The graduates on Oct. 10 had more than doubled their earnings on average, from $14,585 to $34,495. Twenty-five are single parents.
Most of the other graduates were living in public housing or, like Davis-Washington, receiving housing assistance five years ago.
David-Washington was one of a third of the graduates who was out of work. She had worked as a certified nursing assistant, then a secretary at a legal firm. FSS helped her regain her certified nursing assistant’s license, which had expired while she was working at the law firm.
“I feel great right now,” she said at the graduation, beaming. It had been a long journey.
After regaining her CNA license, Davis-Washington started at health-care and insurance provider Kaiser Permanente at $14 an hour.

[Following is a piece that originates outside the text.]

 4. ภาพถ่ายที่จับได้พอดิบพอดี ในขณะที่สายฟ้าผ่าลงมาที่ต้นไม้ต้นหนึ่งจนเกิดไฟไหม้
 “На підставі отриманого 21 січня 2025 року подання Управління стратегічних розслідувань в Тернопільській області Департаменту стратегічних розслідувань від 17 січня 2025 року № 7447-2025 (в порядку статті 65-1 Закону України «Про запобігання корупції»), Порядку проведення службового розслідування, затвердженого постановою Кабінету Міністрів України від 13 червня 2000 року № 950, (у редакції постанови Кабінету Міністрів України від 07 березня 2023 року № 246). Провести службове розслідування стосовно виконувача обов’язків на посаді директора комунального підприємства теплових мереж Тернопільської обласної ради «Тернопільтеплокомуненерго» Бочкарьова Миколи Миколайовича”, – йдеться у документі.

It was stressful — going to school, working and raising her children.
“It was so hard,” she said. “I wish someone had told me not to have kids [so early] because it was so hard to manage a family, go to school and work as a single mom.”

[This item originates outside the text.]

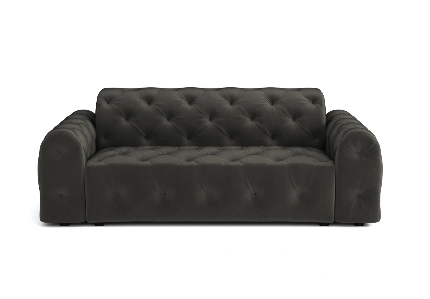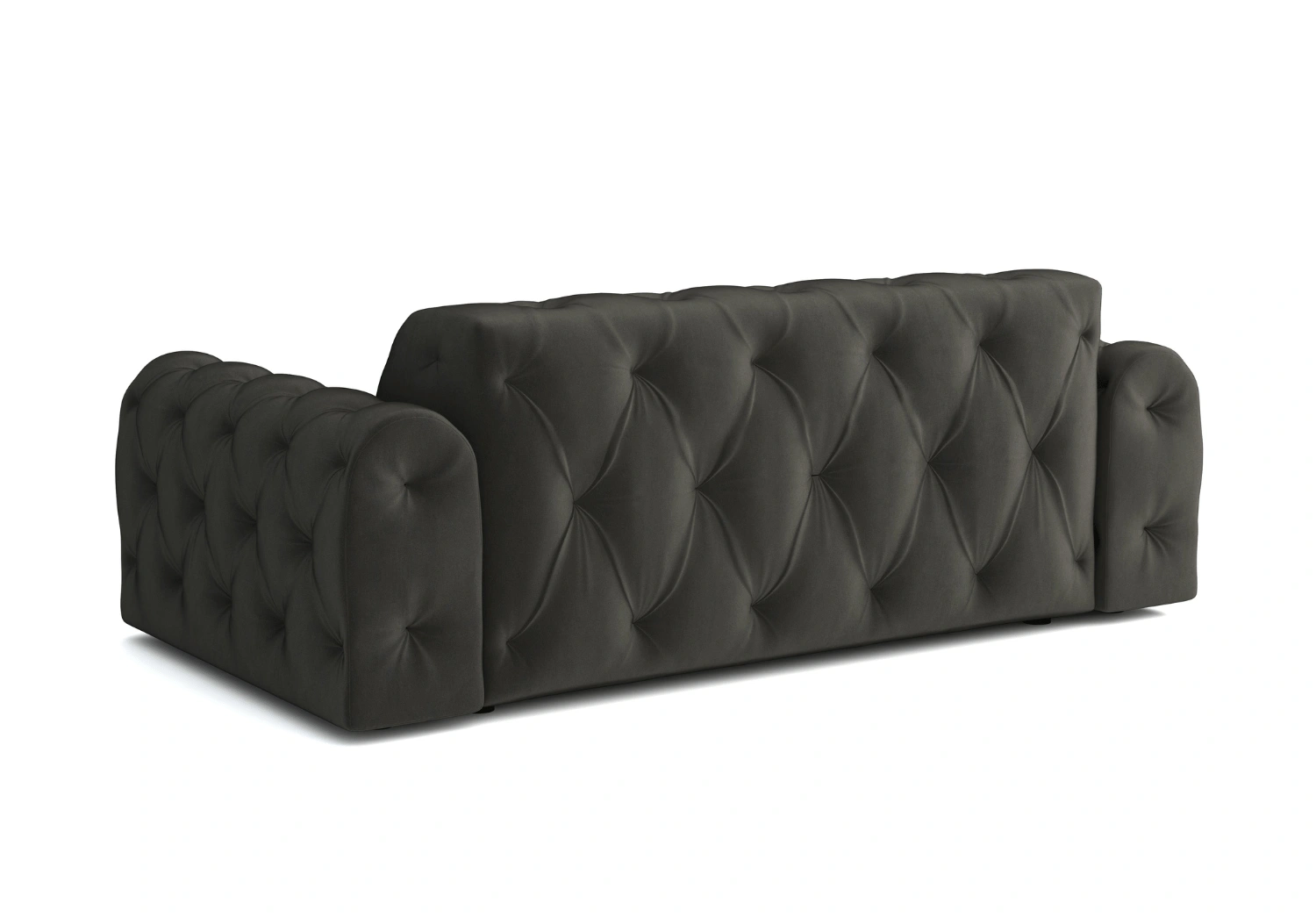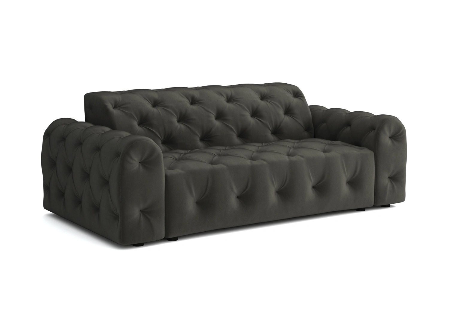 Głębokie pikowania z ozdobnymi guzikami tworzą eleganckie, romboidalne zagłębienia na powierzchni tapicerki.

Davis-Washington has been on her own — or mostly on her own — for a long time. Growing up, she spent around four years living in foster care. She has little memory of this time, except “a judge with white hair in the courtroom.”
“I was young. I had to be at least four. I remember not leaving with my parents,” she said.
She has a warm smile and looks younger than her 38 years, seemingly untouched by the demands of raising her five children.
She grew up in Rockville and around the Washington area, first in foster care, then bouncing between her mother, who struggled with drugs, and her father, who battled alcohol. He has stepped up in recent years, she said, helping her with groceries when cash was tight and sometimes watching her kids when she had to go to work or class.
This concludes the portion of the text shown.